### What you should do
Working from the data below, write out exactly the lines from its first through the line that contains "Укороченные брюки зауженного", both ends included and pictures omitted.

### Records

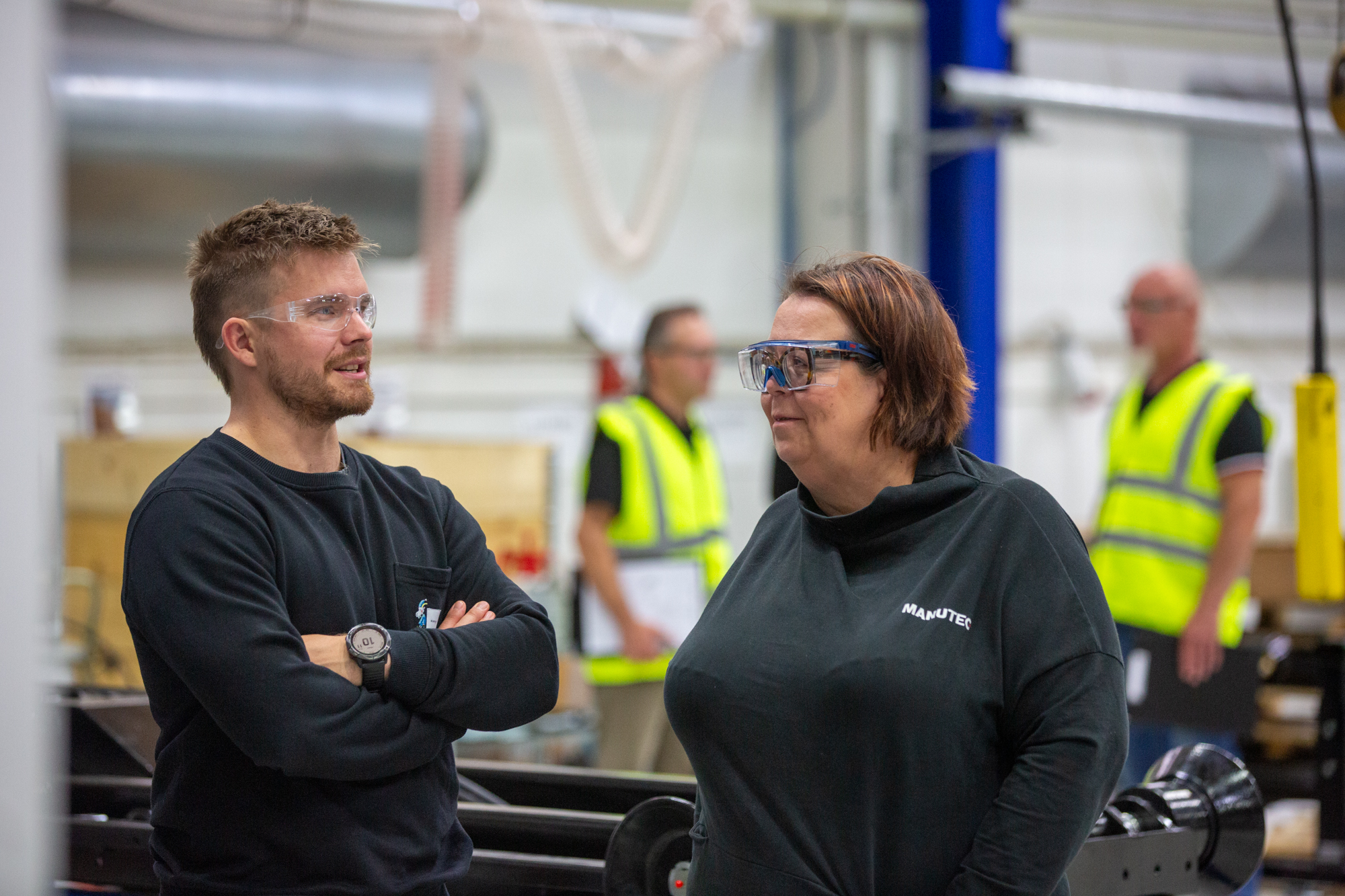Manutecin toimitusjohtaja Kirsi Junnilainen kertoo sopimusvalmistuksen työvaiheista Cargotecin Jussi Railolle.
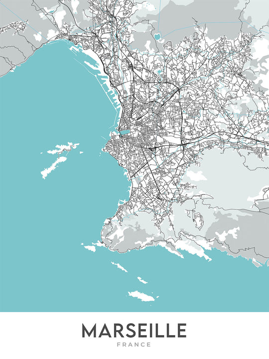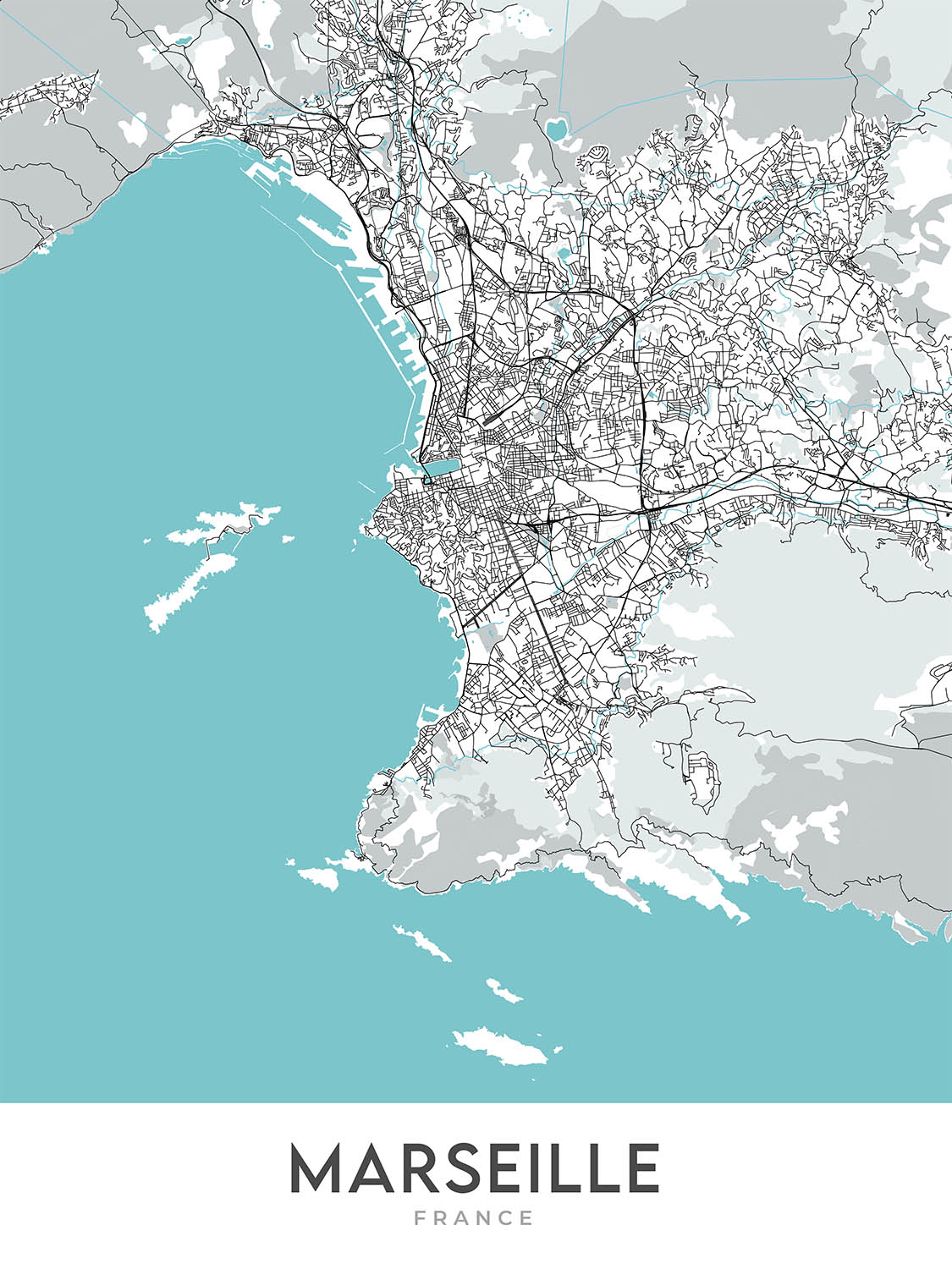 This map of Marseille is a modern and detailed cartographic artwork that focuses on the urban landscape of this vibrant city in southern France. The map covers a significant portion of Marseille, including the city center and its surrounding neighborhoods, offering a comprehensive view of the city's layout and its most iconic landmarks.
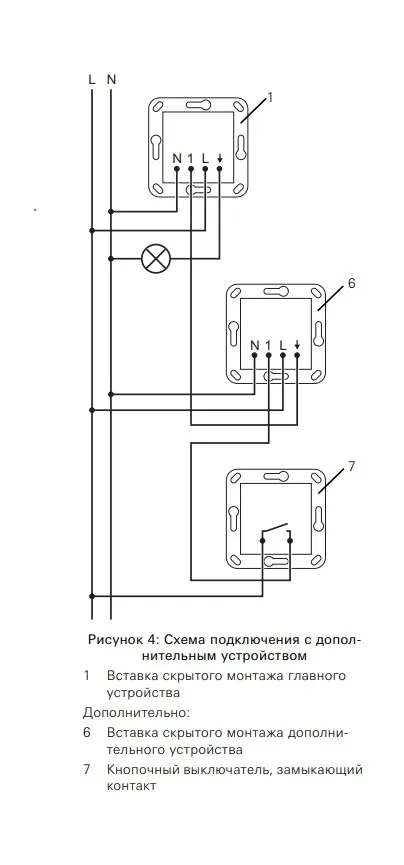 • Управление дополнительными устройствами с помощью клавишно-кнопочного выключателя.
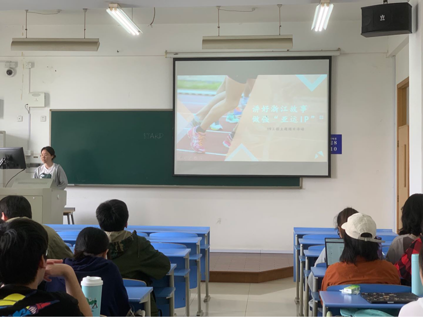 19工程团支部举行了以“讲好浙江故事 做强‘亚运IP’”为主题的团日活动,带领同学们认识亚运、了解亚运。
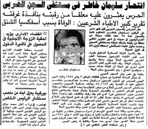 وفي يوم 7 يناير عام 1986م، الذي كان اليوم التاسع له في السجن، أعلنت الإذاعة المصرية وتداولت الصحف، خبر انتحار الرقيب سليمان خاطر، داخل محبسه بالسجن الحربي.
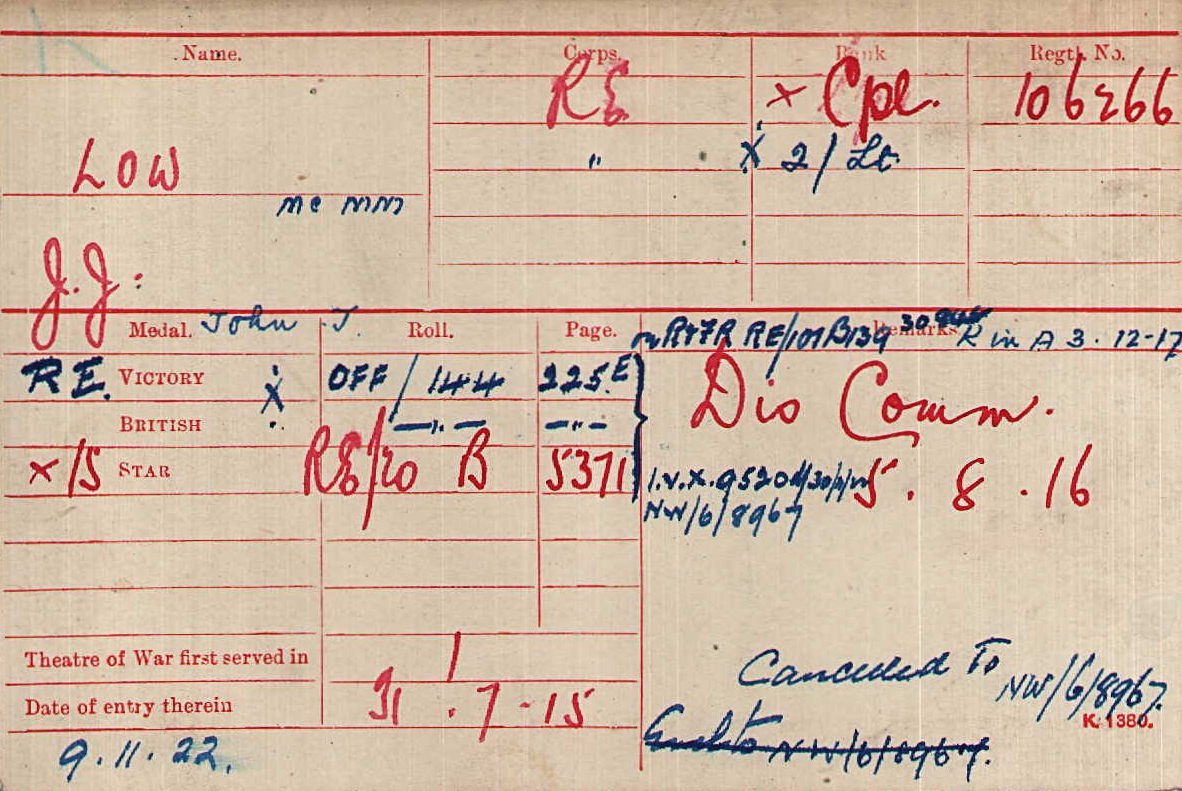 1. Medal Index Card: 2nd Lieutenant J.J. Low, R.E.
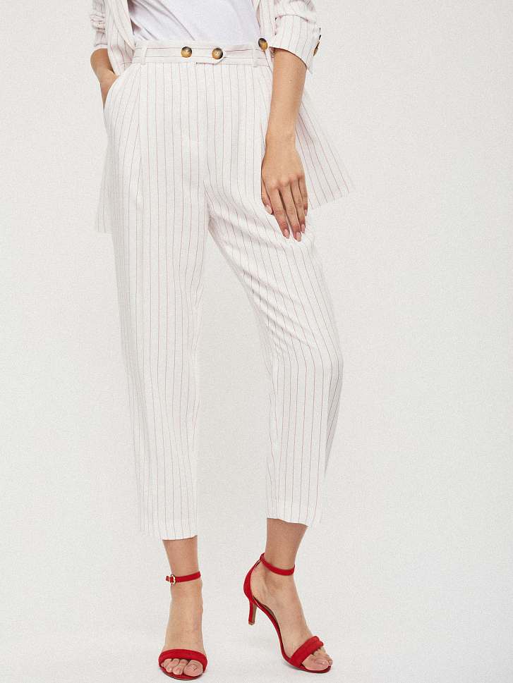 Укороченные брюки зауженного кроя с высокой посадкой. Защипы на талии, отвороты по низу брюк, боковые отрезные карманы. На поясе декоративная планка.
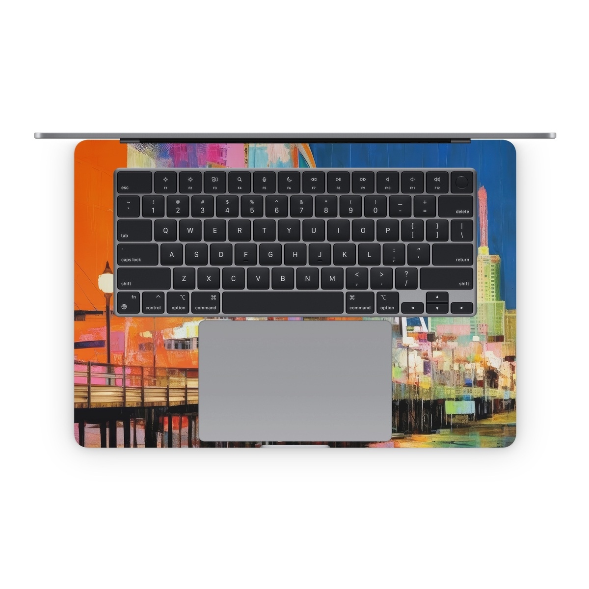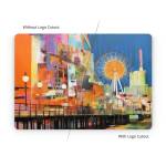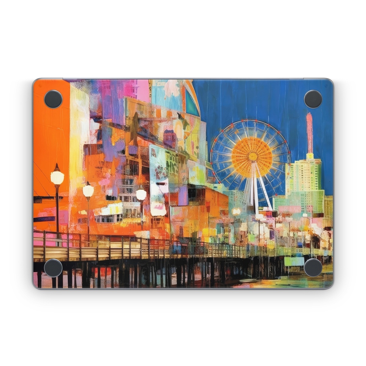 iStyles Apple MacBook Skin design of Light, World, Window, Tints and shades, City, Art, Leisure, Event, Building, Ferris wheel, with black, white, blue, pink, red, orange, yellow, green colors, and tagged with fineart, urban, objects, seaside, ferry, wheel, buildings, stores, reflection.

### Task result
Manutecin toimitusjohtaja Kirsi Junnilainen kertoo sopimusvalmistuksen työvaiheista Cargotecin Jussi Railolle.
 This map of Marseille is a modern and detailed cartographic artwork that focuses on the urban landscape of this vibrant city in southern France. The map covers a significant portion of Marseille, including the city center and its surrounding neighborhoods, offering a comprehensive view of the city's layout and its most iconic landmarks.
 • Управление дополнительными устройствами с помощью клавишно-кнопочного выключателя.
 19工程团支部举行了以“讲好浙江故事 做强‘亚运IP’”为主题的团日活动,带领同学们认识亚运、了解亚运。
 وفي يوم 7 يناير عام 1986م، الذي كان اليوم التاسع له في السجن، أعلنت الإذاعة المصرية وتداولت الصحف، خبر انتحار الرقيب سليمان خاطر، داخل محبسه بالسجن الحربي.
 1. Medal Index Card: 2nd Lieutenant J.J. Low, R.E.
 Укороченные брюки зауженного кроя с высокой посадкой. Защипы на талии, отвороты по низу брюк, боковые отрезные карманы. На поясе декоративная планка.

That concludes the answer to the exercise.